MR. WILKS in some measure apologizes for his subject, but no apology is necessary. Our theological readers will be doubtless reminded of a passage in Tillotson's Sermon on Tit. iii. 2, and will be surprised that so minute a coincidence should be found in a writer of so different a school. We thank Mr. Wilks for the acknowledgment, which is, indeed, what the Clergy of his views have been combating, in union with the Dissenters, from before Tillotson's time. Mr. Wilks's subject was so far from uncalled for, that it

might rather seem the duty of a faithful pastor, so circumstanced, to treat it. The Sermon, on the whole, is good-the object of it, to shew what men the Christian Elector should return. Mr. Wilks tries them by their general Christian principles; their love of order; their resolution to uphold the established Church; and their hostility to the West-India Planters; on this latter subject he falls in with all the vulgar misrepresentations of the Aldermanbury Society, and is decidedly for immediate emancipation. He might have added, repeal of the beer bill; state of factory children; and the desecration of the Sabbath. All these might have been profitably treated at length. The principle, however, of the Sermon is excellent; and, if treated with equally spiritual and Christian feeling, the subject may be profitably discussed in the pulpit of any district similarly circumstanced with Mary-le-bone.

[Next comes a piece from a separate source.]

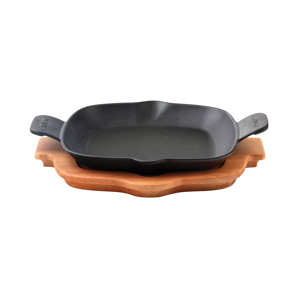 Сковорода квадратная с двумя диаметрально расположенными ручками на дерев

The noble Office of the Sunday-School Teacher. By the Rev. G. W. DOANE, A.M. Rector of Trinity Church, Boston, United States. London: R. Davis. 1832. Pp. 31.

A REPRINT from the Sunday-School Teacher's Magazine, already praised by us. We can only say, that it is a most useful publication; and we recommend it to all our brethren as fit to be put into the hands of their assistants in the great work of parochial instruction. We wish it was on the list of the Society for Promoting Christian Knowledge.

An Address, delivered at an Examination of the St. John's Church Sunday Schools, June 15, 1832. By EDWARD WIX, M.A. Archdeacon of Newfoundland. 12mo. Pp. 12. 1832. OUR clerical readers, and indeed our readers generally, would do well to refer to this address, in proof of what is doing, for the diffusion of the Gospel, in our transatlantic colonies. It was delivered preparatory to the approaching visit of the diocesan, for the purpose of administering the solemn rite of confirmation in Newfoundland.